Now that the software is almost done and the hardware is tested, it's time to take this off the breadboard and build it into a proper enclosure. I was going to use a metal project box, but since I have a pretty good heatsink now I can get away with using a plastic box. The software works well enough but I'm not quite ready to release it. I've been lazy with commenting so I need to go back and add some information and tidy up the code a bit.

After months of inactivity I've started working on this project again with some prodding from a friend. We prototyped the constant current load circuit. At first we tested the circuit just with a potentiometer providing the input. It worked fine, so we added an arduino to provide the PWM signal driving that controls the current draw. We also used a few analog inputs on the arduino to monitor the voltage on the current shunt resistor, and the input to the opamps.

We noticed that the voltages we were reading on the arduino were not stable at all, so we changed a couple things to improve that. First, by looking at our opamp input with an oscilloscope we noticed that the RC filter output had about 70mV of ripple. Not a whole lot, but something easily fixed by increasing the 15k resistor to 150k.
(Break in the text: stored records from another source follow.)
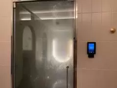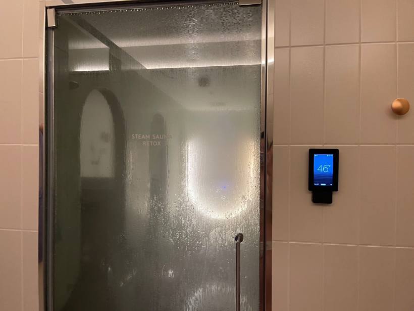 まず初めは、半個室のシャワースペースでセルフケアが堪能できるスチームサウナ RETOXにて、シャワーを使った瞑想を約5分間行った。足の指先から頭の先にかけて、ゆっくり、心地よいと感じる温度の冷たいシャワーを静かにかけ、疲れや邪気を取りカラダを癒していく。
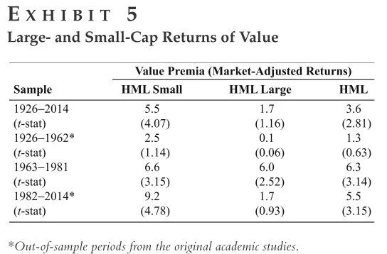 图5的“小HML”,这是对小盘股进行买多廉价和卖空昂贵股票的操作,“大HML”是对大盘股进行同样的操作。“常规HML”,是小HML和大HML投资组合收益的均值。这些投资组合的平均市场调整收益率报告包括四个样本周期。
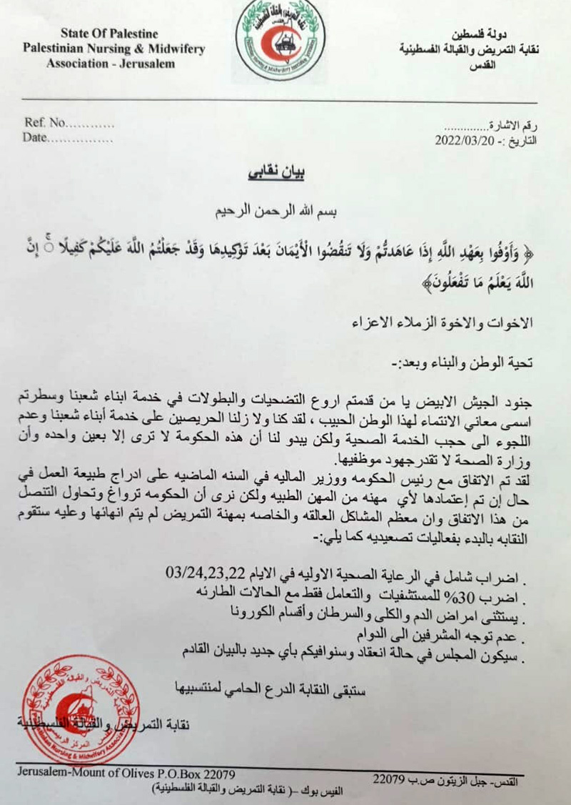 نشرت نقابة الترميض والقبالة، الأحد 20.03.2022، بياناً أعلنت فيه عن خطوات تصعيدية وإضراب احتجاجاً على عدم تنفيذ الحكومة ووزارة المالية للاتفاق العام الماضي.
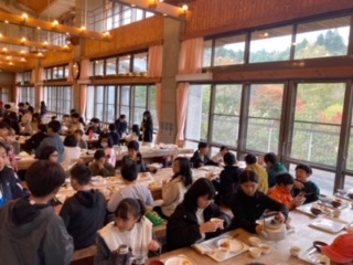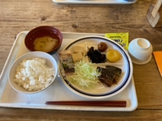 ?食堂の朝食です。パン?ご飯?どっちにしよう?
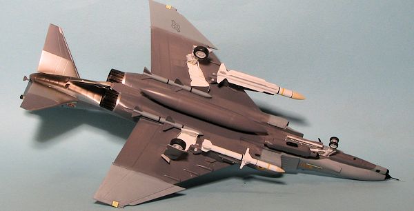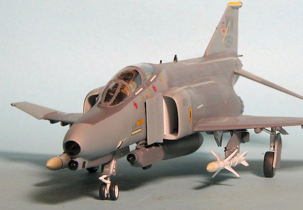 Then I went back and applied the gear doors and hinges. These Phantoms also have a lot of small antennas so those were attached as well. I then put some stripes on the white painted missiles and attached those. The stripe sequence is bogus as I do not have all the colors and widths required in my stripes stash. I then scrounged some Sparrows from the 'Phantom bits' box, painted them up and glued them in place. The final touch up painting took longer than I'd have thought, but eventually it was done. The model was given some semi-gloss clear to cut back on some of the shine, the exhaust, centerline tank, and stabs glued on, the masking removed and I was done.
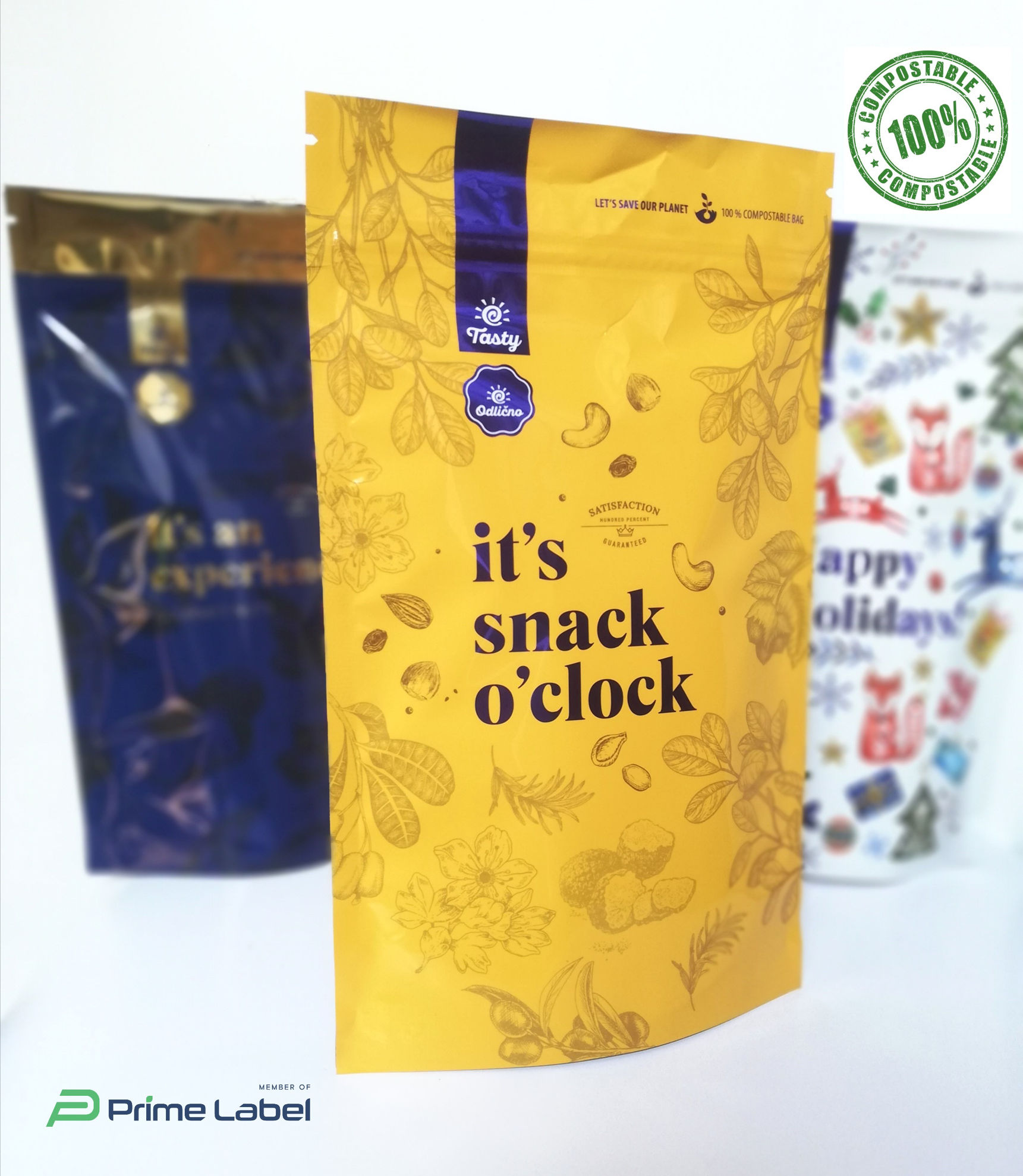 V LabelProfi vam ponujamo pester nabor okolju prijaznih embalažnih rešitev, ki niso le reciklabilne, ampak so celo kompostabilne. Za vse vgrajene materiale imamo certificate TÜV Austria. Po uporabi izdelka lahko takšno kompostabilno embalažo, s kompostabilnim zip sistemom zapiranja, preprosto odvržete v domač kompostnik oz. industrijsko kompostiramo z vsemi znanimi tehnikami, ki so na voljo.
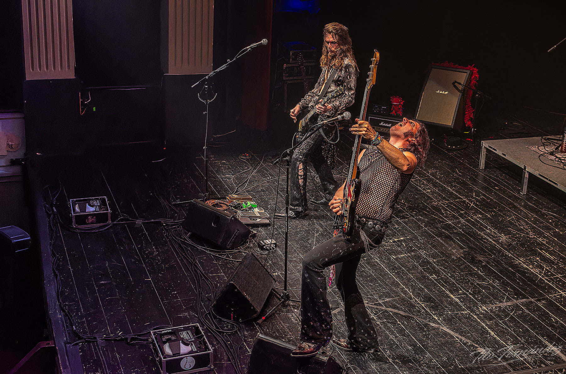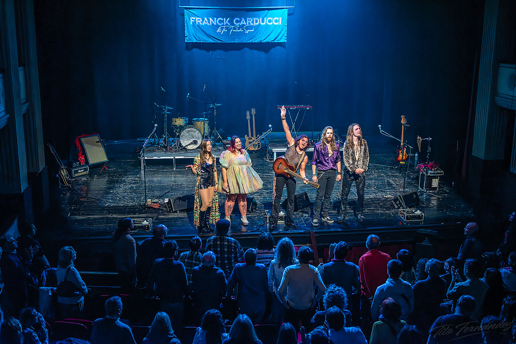 El concierto dio comienzo con la sala completamente a oscuras mientras el sonido del dial de una radio navegaba entre emisoras descubriendo éxitos rocanroleros. Se hizo la luz y apareció el "Equipo Fantástico" sobre el escenario de un teatro con media entrada, mezcla de fans de viejo y curiosos atraídos por la reputación del primer espada. Carducci pospone las presentaciones para más tarde y la banda va al grano desde un primer momento dejando claro el porqué son considerados como uno de los grupos con más talento dentro de la escena del rock progresivo actual. Suena “Slave to Rock n Roll”, convertido ya en un himno para la banda, el hard se mezcla con el glam potenciado por vigorosos riffs de guitarra y una poderosa base rítmica. Toda una declaración de intenciones para romper el fuego. La banda va desgranado un repertorio que deambula entre la caricia envolvente de los teclados de Cédric Selzer y la dulce voz de Mary Reynaud, y la complejidad de las guitarras de Barth Sky y el propio Carducci, siempre completados con la ajustada base rítmica de Lea Fernández. Temas largos, cambios de ritmo y variaciones instrumentales. No se inventa nada nuevo pero lo que se hace se ejecuta a la perfección. Los músicos a nivel individual son excelentes, pero juntos crean una química impecable para llevar así al público a través de paisajes sonoros cautivadores. Entre tema y tema, Franck a pesar de las dificultades idiomáticas (uno de los grandes handicaps del show al no entender las letras de las canciones y no poder relacionarlas con la puesta en escena ) no duda en interactuar con el público, bromeando e intentando convertir el escenario en un espacio para compartir. Cae en acústico y en solitario una versión del clásico “Wish you were here”.
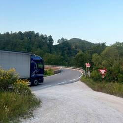 Somit war es heute sehr viel Straße und wieder so oft Lebensgefahr. Kein randstreifen. Müll und Bewuchs verengen die Fahrspur, ich mittendrin. Bei einer Situation innerorts, endeten auf beiden Seiten der Straße, sowie auf beiden Seiten der Brücke, die Bürgersteige und nur die Straße führte uneingeschränkt über die Brücke. Ich ging dem Verkehr entgegen, auch weil ich hinter der Brücke links musste. Aus dem Kreisverkehr kam ein LKW mit Sattelzug und beschleunigte was der Motor her gab. Es war 30 km/h. Er hupte! Ich sprang auf den gemauerten Brückensims und von dort dann auf den Bürgersteig. Er fuhr wirklich ungebremst weiter.
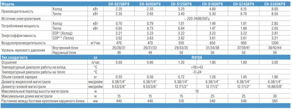 Работа CH-S18GKP8 происходит при помощи озонобезопасного и высокоэффективного хладагента R410а, который безопасен не только для людей, но и для окружающей среды.

That improved the readings a bit but didn't entirely fix the problem, so then we changed the code to take 50 samples in a row and average them. Now the readings are fine.

Because we're not using a signal conditioning amplifier, we don't have a whole lot of resolution to read the shunt resistor voltage. The current can be read to a resolution of about 10mA, which should be fine for this. I also decided to change the design of this project somewhat. I'm not so concerned about the charging, so I'm going to use a dedicated charger IC just to top off the battery before we do a load test, and recharge it after we're done. I also want this device to be usable without a PC, so I'll be adding an LCD screen and some controls to allow you to operate it completely PC-free.

I've designed the constant current load portion of this project, which you can see here:

https://www.circuitlab.com/circuit/vpe773/constant-current-load/

If you want to know how it works I describe the circuit in detail on that page, but the gist of it is that a PWM signal determines how much current the load will draw.

This circuit is fairly common, but typically uses an N-channel MOSFET instead of the two transistors I've used. A MOSFET would be problematic for my circuit, because the op-amp would have to output a voltage at least as high as the voltage across R2 plus the threshold voltage of the MOSFET, which is typically around 4V. With a 5V supply, that doesn't give me much room to work with. With two transistors set up as a darlington pair, I only need 1.4V for both transistors instead of 4V, which gives me a lot more breathing room.